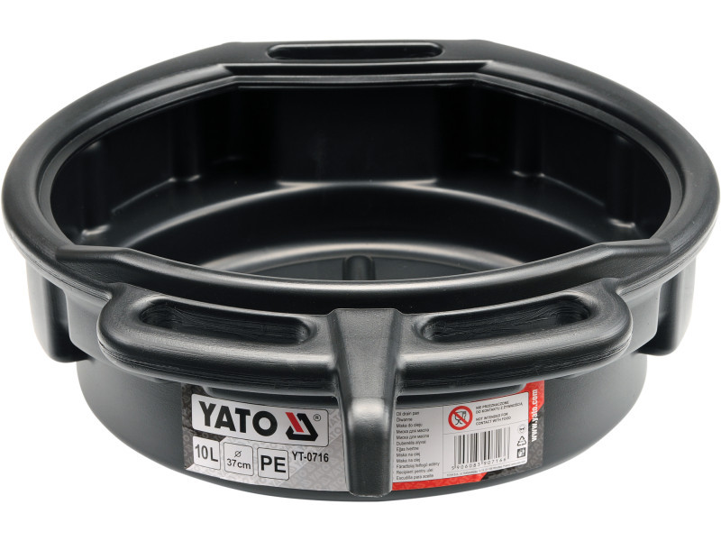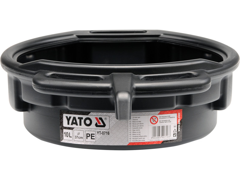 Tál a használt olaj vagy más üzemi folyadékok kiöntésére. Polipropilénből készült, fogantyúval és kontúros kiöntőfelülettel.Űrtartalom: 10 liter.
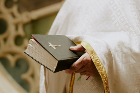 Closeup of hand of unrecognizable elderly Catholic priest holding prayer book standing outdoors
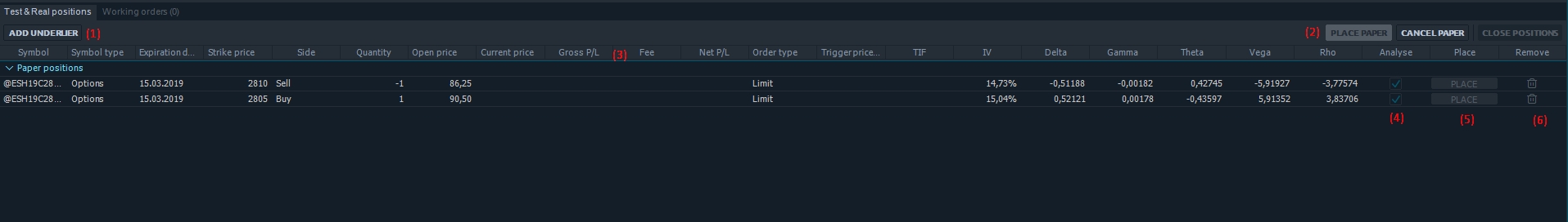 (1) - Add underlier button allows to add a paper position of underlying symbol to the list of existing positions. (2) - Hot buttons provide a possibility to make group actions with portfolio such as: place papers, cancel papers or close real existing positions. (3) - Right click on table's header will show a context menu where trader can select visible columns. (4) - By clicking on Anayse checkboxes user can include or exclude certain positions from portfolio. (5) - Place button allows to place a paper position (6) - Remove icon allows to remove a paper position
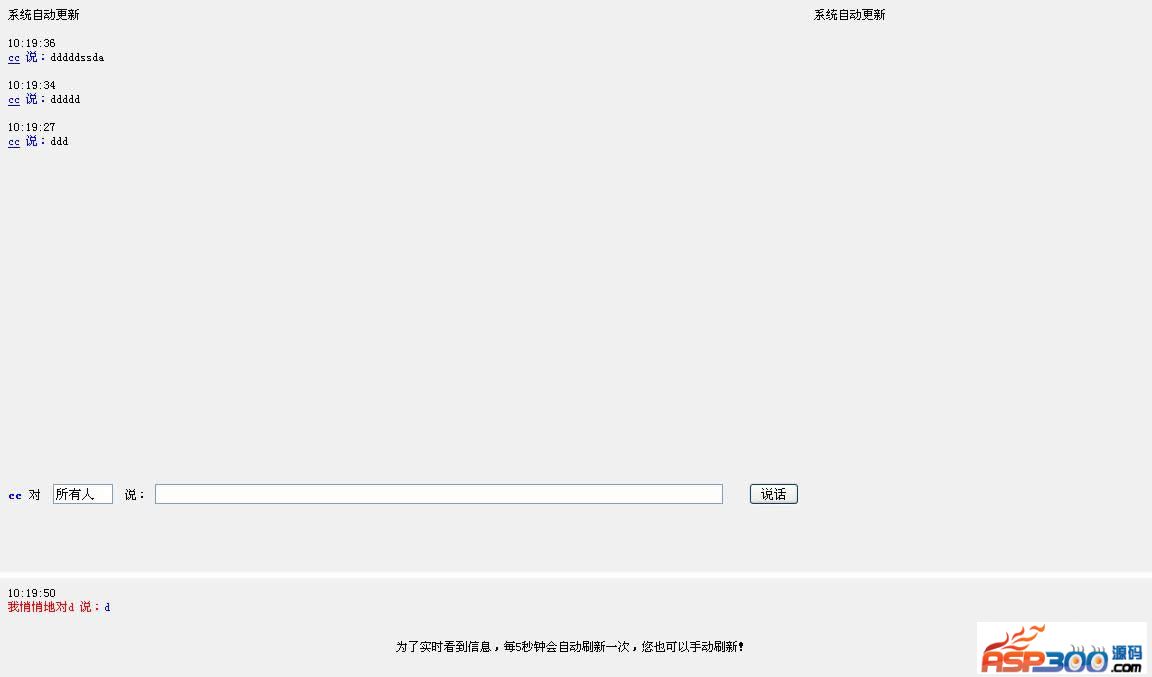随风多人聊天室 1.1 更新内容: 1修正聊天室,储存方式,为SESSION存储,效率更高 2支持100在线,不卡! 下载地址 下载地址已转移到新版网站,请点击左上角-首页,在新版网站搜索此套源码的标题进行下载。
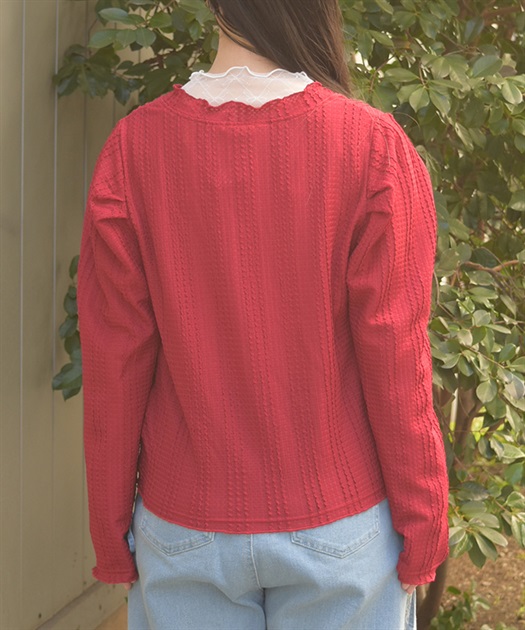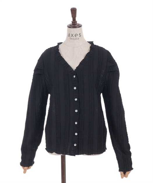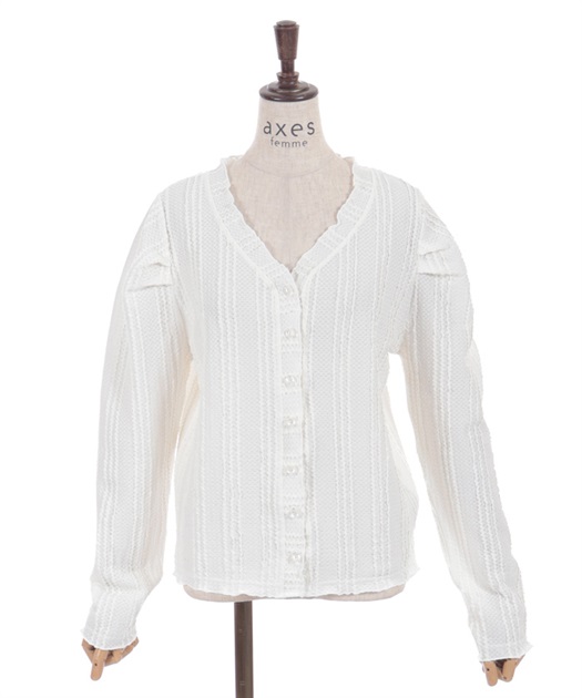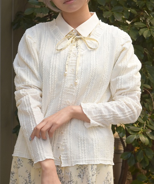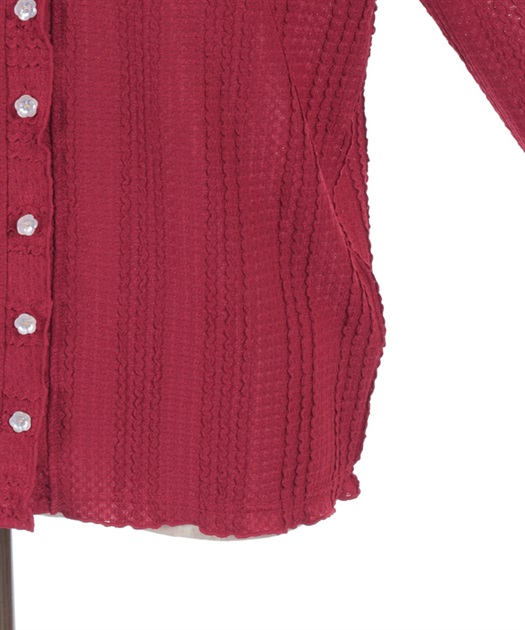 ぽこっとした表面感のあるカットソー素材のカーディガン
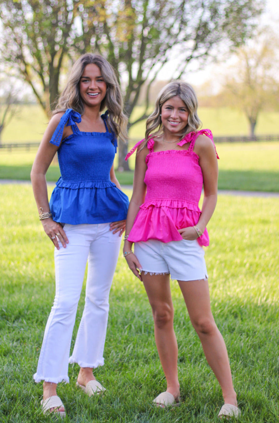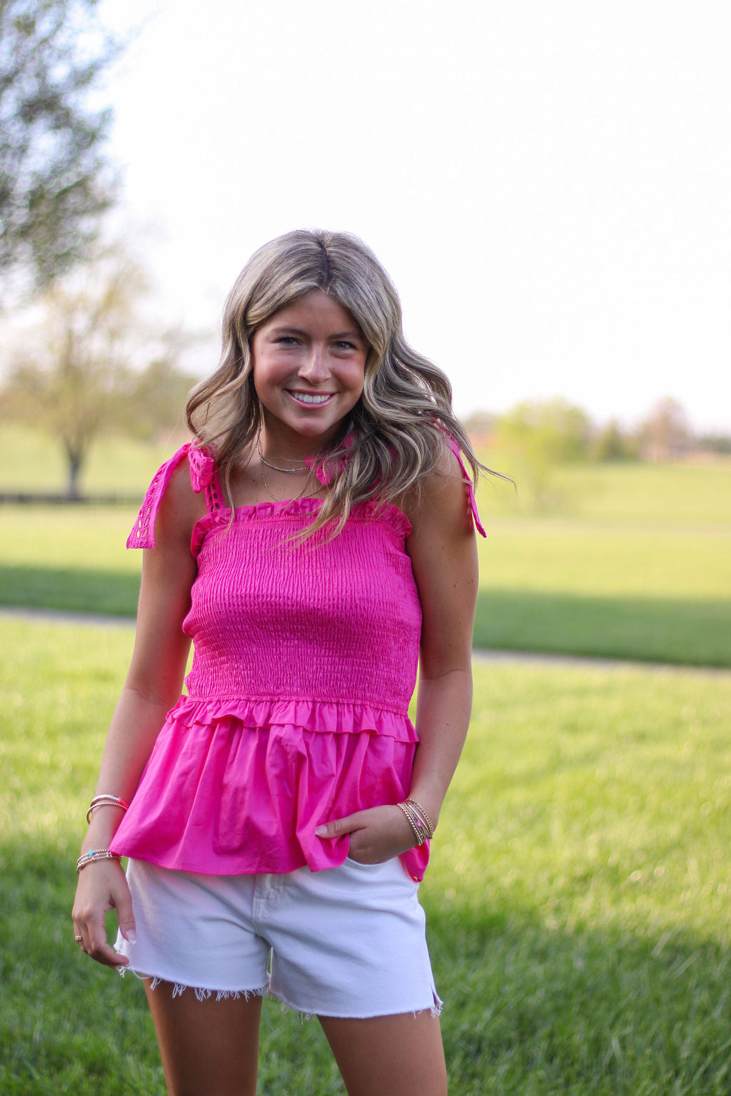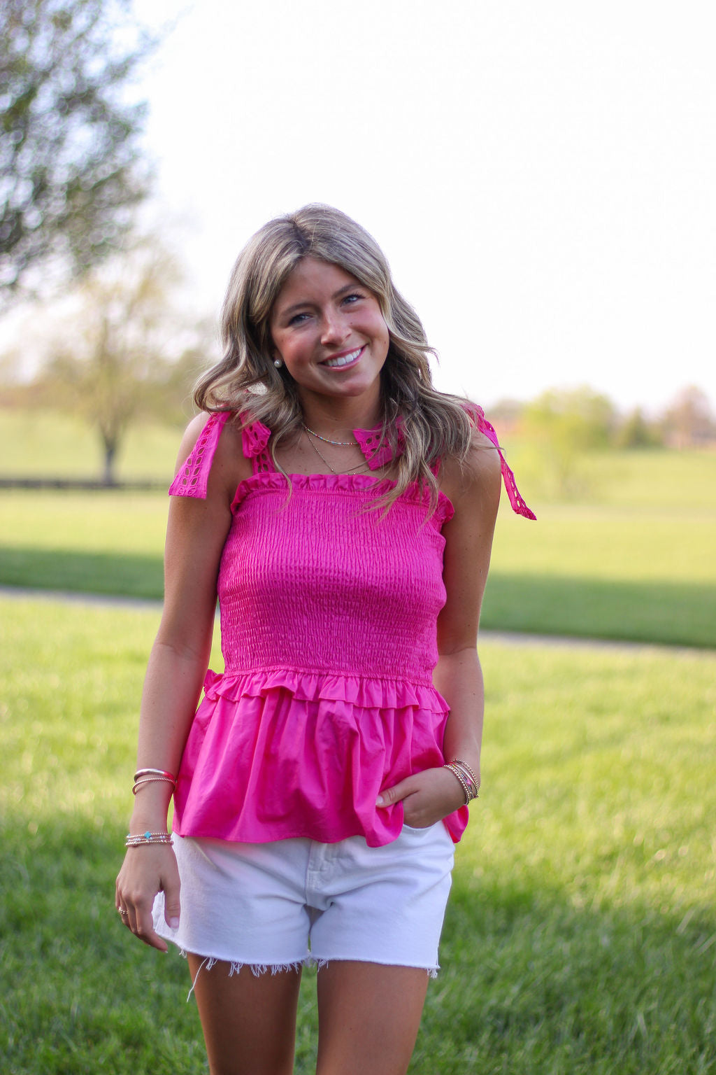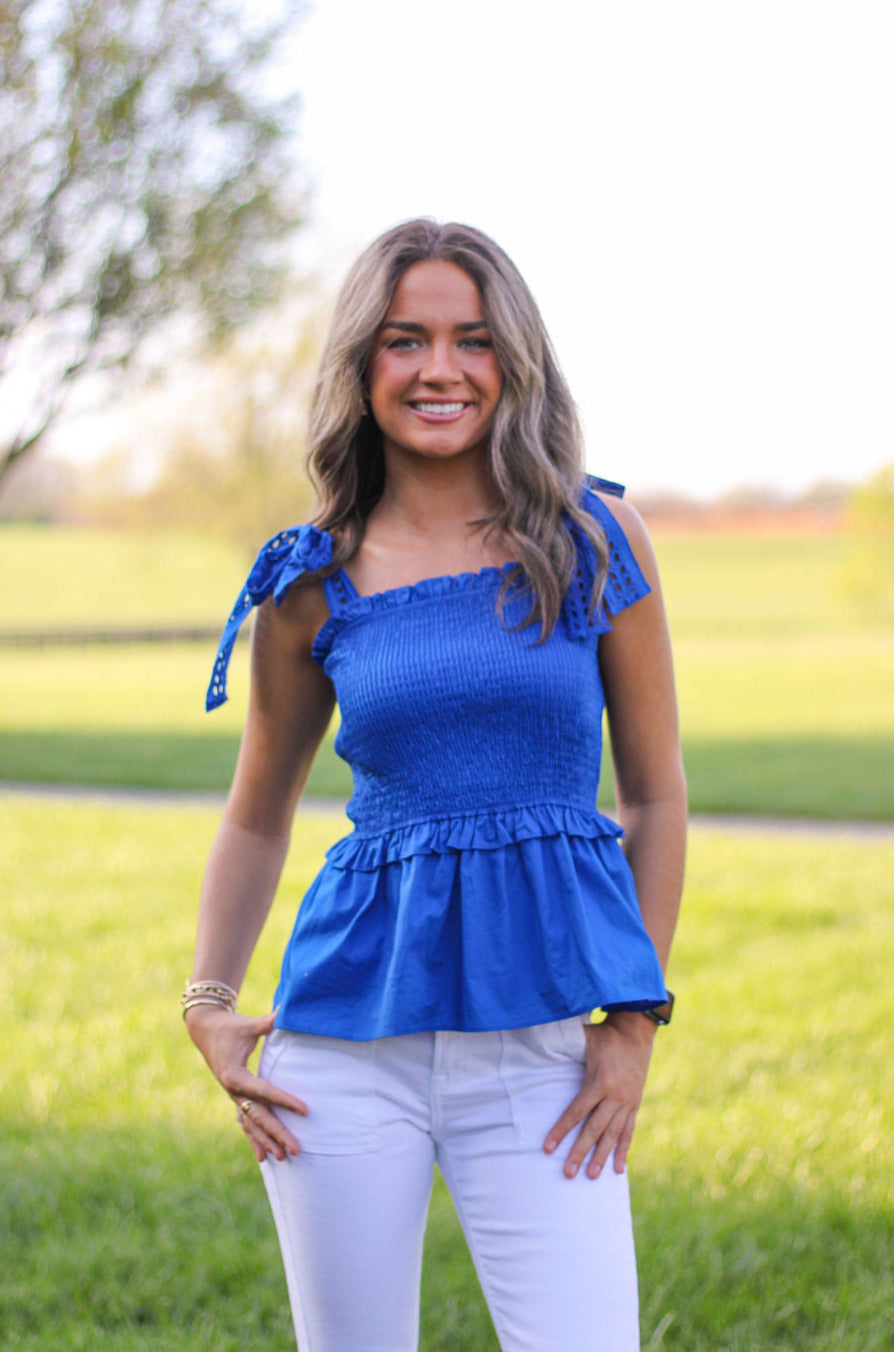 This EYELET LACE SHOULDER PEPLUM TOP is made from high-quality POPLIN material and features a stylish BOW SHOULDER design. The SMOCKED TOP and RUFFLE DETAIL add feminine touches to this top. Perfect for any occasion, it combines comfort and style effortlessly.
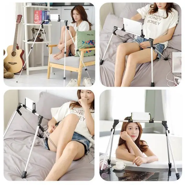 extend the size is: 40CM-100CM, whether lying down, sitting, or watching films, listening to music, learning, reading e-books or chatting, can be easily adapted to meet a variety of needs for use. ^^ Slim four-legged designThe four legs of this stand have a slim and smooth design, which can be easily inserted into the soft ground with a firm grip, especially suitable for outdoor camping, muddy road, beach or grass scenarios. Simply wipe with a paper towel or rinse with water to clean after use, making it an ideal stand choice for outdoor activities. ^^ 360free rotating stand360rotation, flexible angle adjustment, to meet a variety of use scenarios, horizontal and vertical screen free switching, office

..............................

Task to carry out =>
Starting with the line that contains "This EYELET LACE", copy every line word for word through the end of the listing above, but leave out the pictures.

Written solution =>
 This EYELET LACE SHOULDER PEPLUM TOP is made from high-quality POPLIN material and features a stylish BOW SHOULDER design. The SMOCKED TOP and RUFFLE DETAIL add feminine touches to this top. Perfect for any occasion, it combines comfort and style effortlessly.
 extend the size is: 40CM-100CM, whether lying down, sitting, or watching films, listening to music, learning, reading e-books or chatting, can be easily adapted to meet a variety of needs for use. ^^ Slim four-legged designThe four legs of this stand have a slim and smooth design, which can be easily inserted into the soft ground with a firm grip, especially suitable for outdoor camping, muddy road, beach or grass scenarios. Simply wipe with a paper towel or rinse with water to clean after use, making it an ideal stand choice for outdoor activities. ^^ 360free rotating stand360rotation, flexible angle adjustment, to meet a variety of use scenarios, horizontal and vertical screen free switching, office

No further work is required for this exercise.